The Chapel was the dream of John Roser, father of Charles Roser, one of Anna Maria Island’s early land development partners. While staying at the Roser family cottage on Pine Avenue (now the home of Sato Realty), the elder Mr. Roser dreamed of building a chapel to commemorate the life of his late wife, Caroline. Roser’s dream was for a chapel open to all people of Anna Maria Island, residents and visitors alike. It would be a place of worship, prayer, and Christian learning for children and adults.
The Chapel

By the Spring of 1913, the chapel had been designed, constructed, dedicated, and open for use by anyone who wished to do so. With funds provided by Charles Roser and with Capt. Mitch Davis as builder, the John and Caroline Roser Memorial Chapel was constructed and donated to the people of Anna Maria Island, with the stipulation that it should always be the community’s church, not that of any particular religious denomination.
Our Story

Charles Roser was a successful businessman and philanthropist, whose generosity is a lasting benefit to coastal Florida. A substantial part of Mr. Roser’s wealth came from success in the confectionery business, and he is credited by many as inventor of the Fig Newton. Sale to the National Biscuit Company (NABISCO) of his recipe and his process for machinery to extrude cookie dough with jam filling is said to be the basis of the fortune that funded Roser Memorial Chapel. Nabisco doesn’t remember the Fig Newton history in this same way, but it’s our story, and we’re sticking to it!
Roser Memorial Chapel

More than century after it first began, our beloved Chapel still stands, welcoming all who will enter for a time of peace, and closer contact with the ever living, ever loving God of all the ages and of each new day. Who could count the host of heartfelt prayers, the billows of joy and the mountains of sorrow shared in that sacred space? Who could picture the faces or recognize the voices or remember the names of all who walked through the doors? No one could but God, and God does—every marriage, every child dedicated or baptized, every loved one committed to God’s everlasting arms by families, and friends gathered in that Chapel.

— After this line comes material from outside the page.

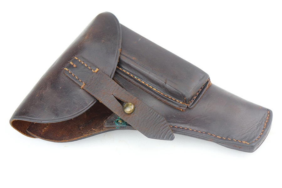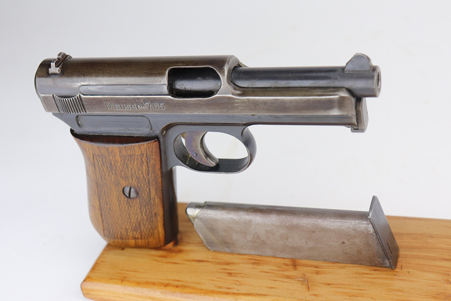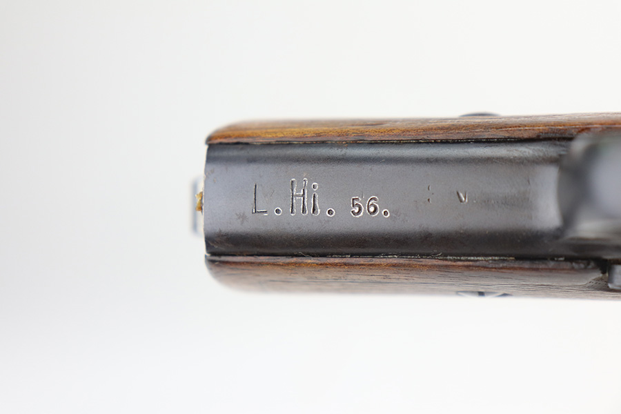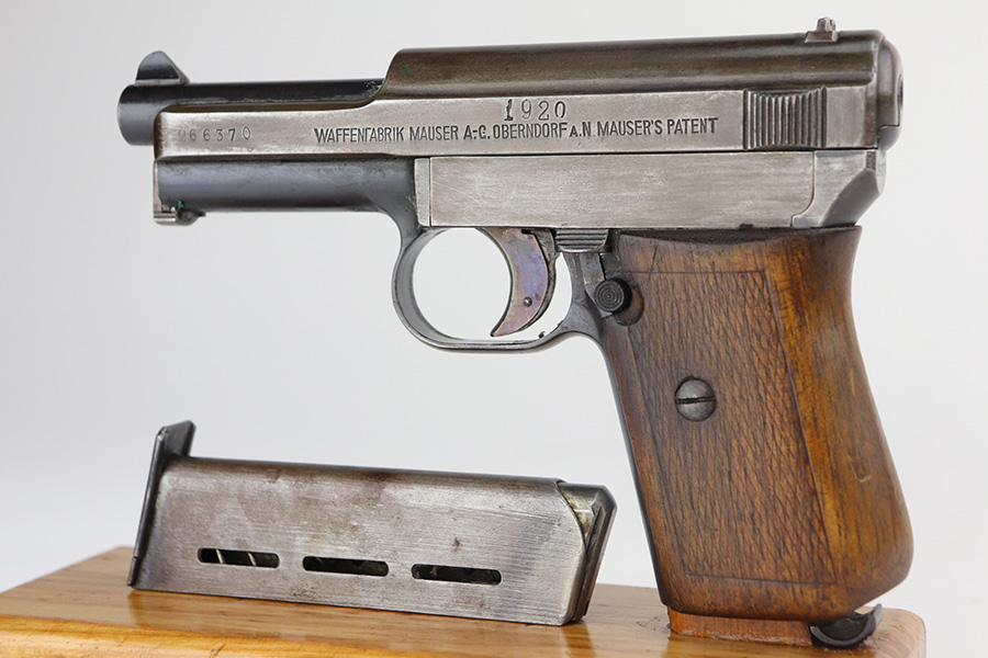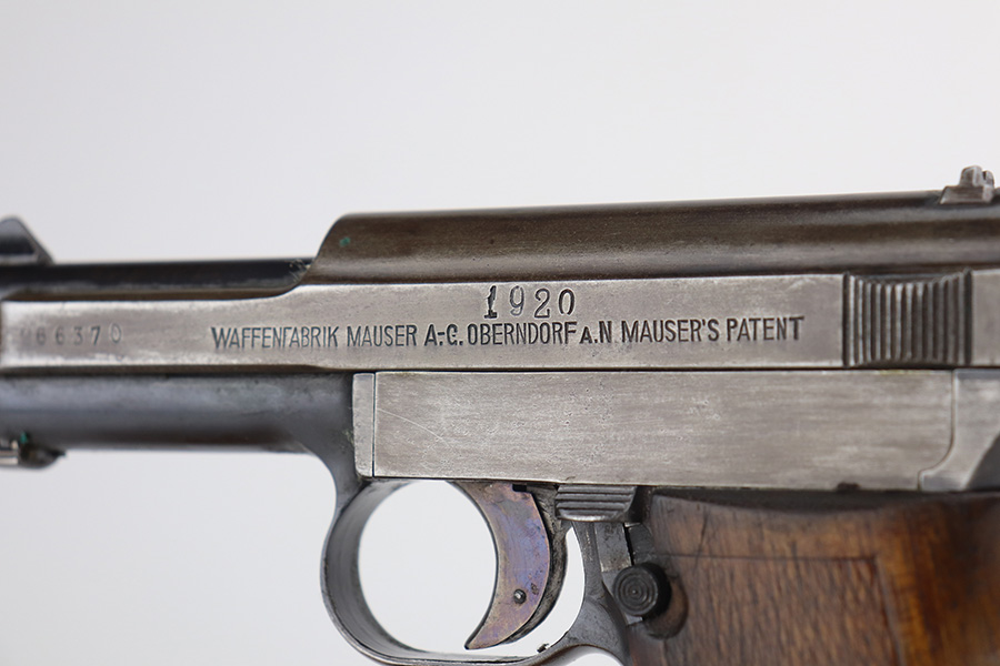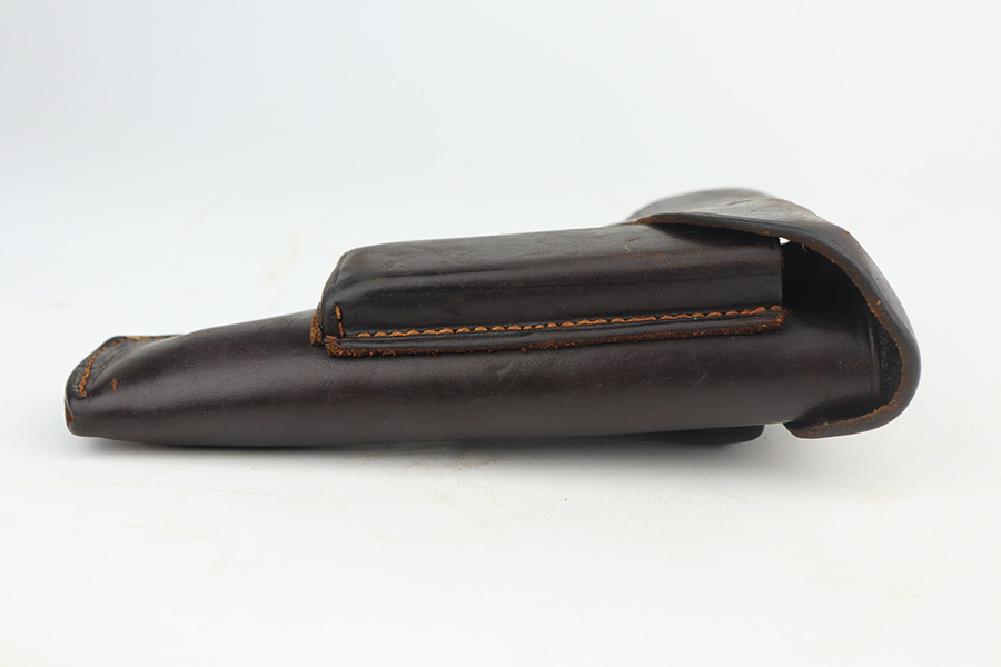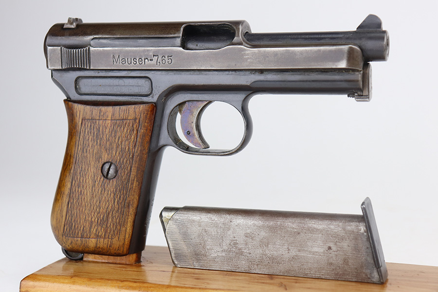 6/8/21 – This is a nice example of a Mauser Model 1914 rig that was initially sold in the commercial market in the 1910’s. It was then reworked and issued to the German police force. This is evidenced the “1920” rework stamp on the left side of the slide, the police unit marking on the front strap, and a matching holster with the same police unit marking. The gun also comes with two period-correct magazines. It is all matching and has retained roughly 70-75% of its finish. Most of the wear is thinning on the whole slide, where there is also light brown patina. Comes with a slightly worn wood grip. Excellent bore – shiny with strong rifling.

In the stillness of the Chapel, one can sometimes sense the continuing presence of the small group of early Anna Maria Island pioneers who came together to worship and to study the words and ways of the Christian faith. As they grew in spirit, they also grew in numbers and as their program of mission and ministry grew, so did their building. By the 1970s the numbers of people who gathered for worship each week so exceeded the capacity of even the expanded Chapel building that a new place to worship had to be built. The interior lines of the new building were inspired by the distinctive shape of the historic Chapel.
The larger 400 seat sanctuary now houses the congregation’s weekly worship, and even that capacity cannot accommodate the winter worship attendance without the addition of a second worship service on each Sunday of the season. All services are also broadcast for our growing online audience. Other buildings on the church campus now provide space for the church’s music ministry, community food pantry, thrift store, and storage garages. The church’s congregation now comes from Anna Maria Island and beyond. We trust that our founders would be greatly encouraged by the way that we are pursuing their original vision.